Après le Covid-19, la population suisse est-elle préparée à une nouvelle épidémie ou reste-t-il quelque chose à faire au niveau des infrastructures ou au niveau fédéral?
Je pense que nous pouvons mieux faire. Par exemple, il est important de disposer en temps utile d’informations sur le nombre actuel de cas. Dans des circonstances normales, il n’est pas important de presser l’OFSP pour qu’il publie les chiffres de l’infection le vendredi plutôt que le lundi. Mais nous vivons une situation importante et nous avons donc besoin de connaître le nombre exact de personnes infectées – chaque jour compte! Dans ce cadre, les autorités, les laboratoires, les cantons et la Confédération travaillent ensemble via différentes interfaces qui, malheureusement, n’ont pas vraiment été conçues pour une pandémie, car nous ne pensions pas que la situation serait si mauvaise. D’ailleurs, il faut savoir qu’un virus qui se propage aussi vite que le coronavirus constitue le pire des scénarios envisageables.
À l’avenir, qu’est-ce qui pourrait aider, notamment dans le domaine de la technologie?

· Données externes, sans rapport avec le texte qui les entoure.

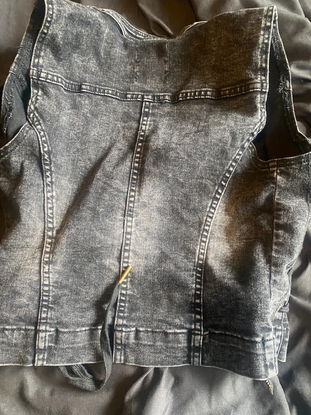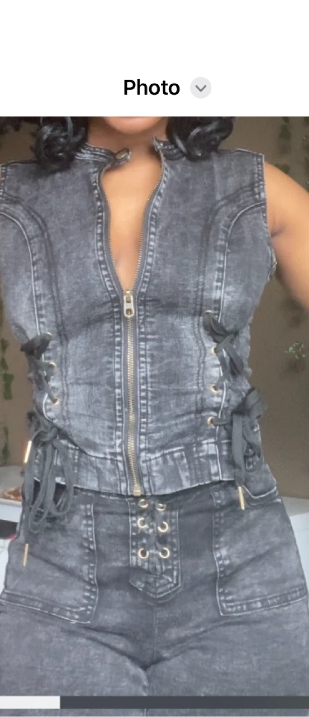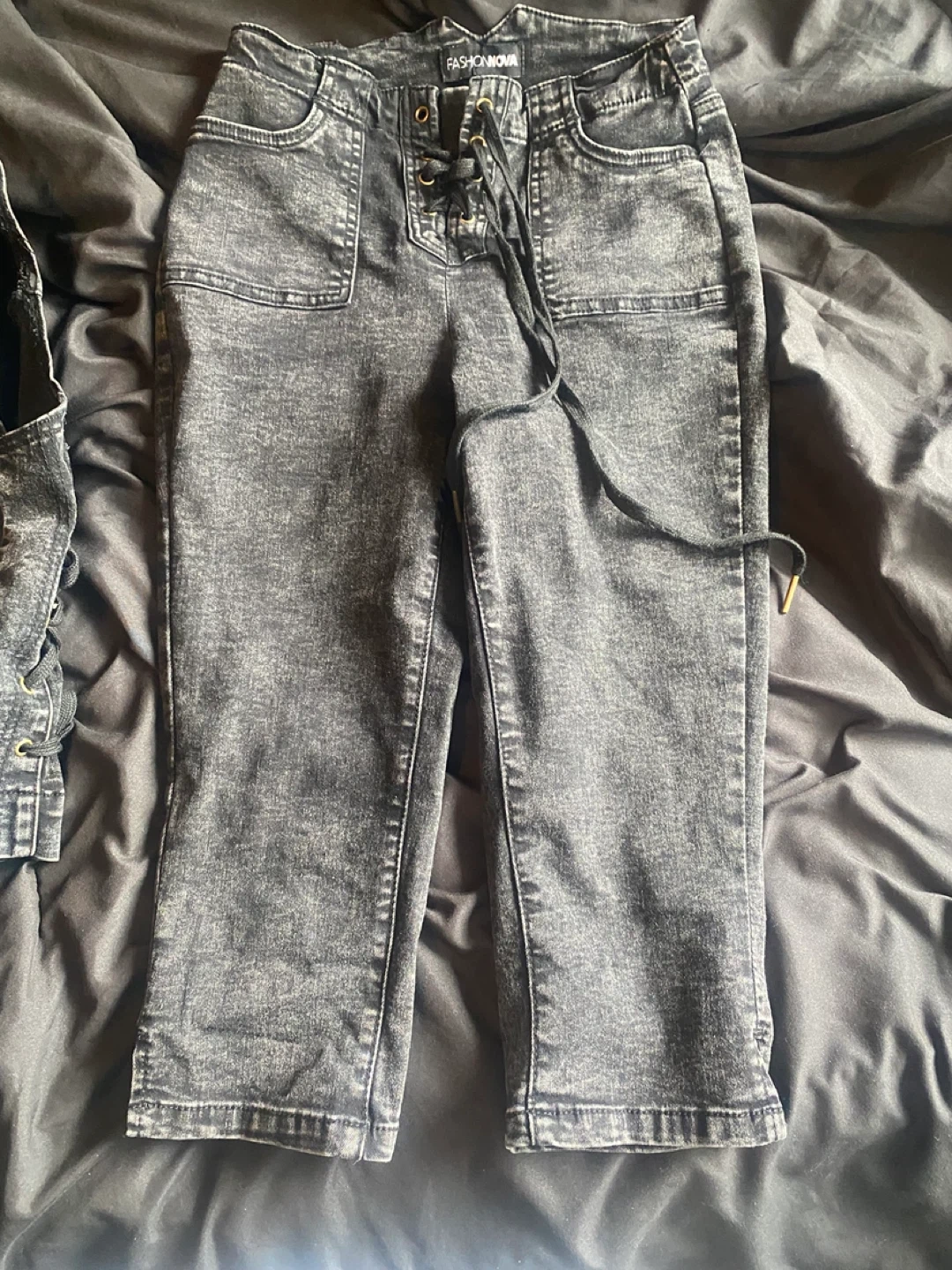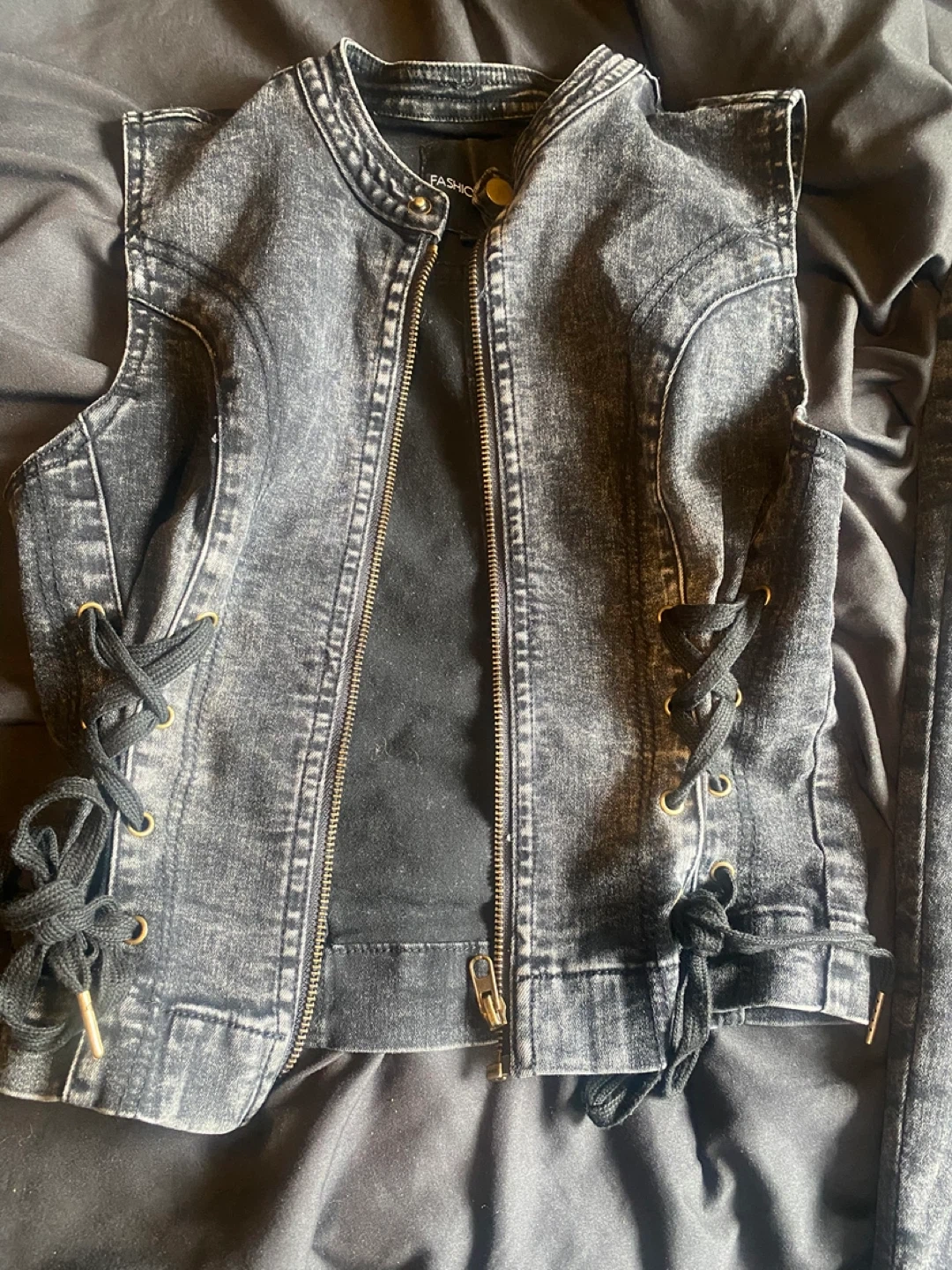 Selling a Fashion Nova denim vest and pants set in a washed black colour. The set features lace-up detailing on both the vest and pants. Great for a stylish, edgy look!

Ce que nous appelons le «Contact Tracing» fait actuellement l’objet de discussions animées. D’une part, lors d’une éventuelle infection, les personnes concernées peuvent être simplement averties par téléphone. De l’autre, cela peut également se faire de manière numérique à l’aide d’une application. C’est une question qui doit être traitée socialement, mais les avantages sont évidents. En effet, grâce à ce système il serait possible d’identifier les contacts vulnérables en quelques secondes seulement. Ceci pourrait également mener à des assouplissements ultérieurs et donc à une plus grande liberté pour tout le monde. Nous aurions donc la certitude de pouvoir contenir rapidement un nouveau cas. Un certain nombre de mesures techniques ont également été mises en place pour assurer la sécurité des données. En effet, les données sont non seulement stockées sur des serveurs centraux, mais seulement localement, temporairement et anonymement.
Quelles sont les connaissances sur la recherche de vaccins qui devraient être accessibles à tout le monde?
Il faut savoir qu’un vaccin ne sert pas seulement à se protéger soi-même, mais aussi à protéger les autres. Cela signifie que si je suis vacciné, je ne peux pas transmettre la maladie à d’autres personnes. Beaucoup de gens ne veulent pas se faire vacciner car ils pensent que cette décision ne concerne qu’eux-mêmes, notamment dans le cas de la vaccination contre la rougeole. Cependant, la vaccination est également un geste que l’on fait pour prendre soin des autres – et c’est surtout vrai dans le cas des maladies qui sont facilement transmissibles.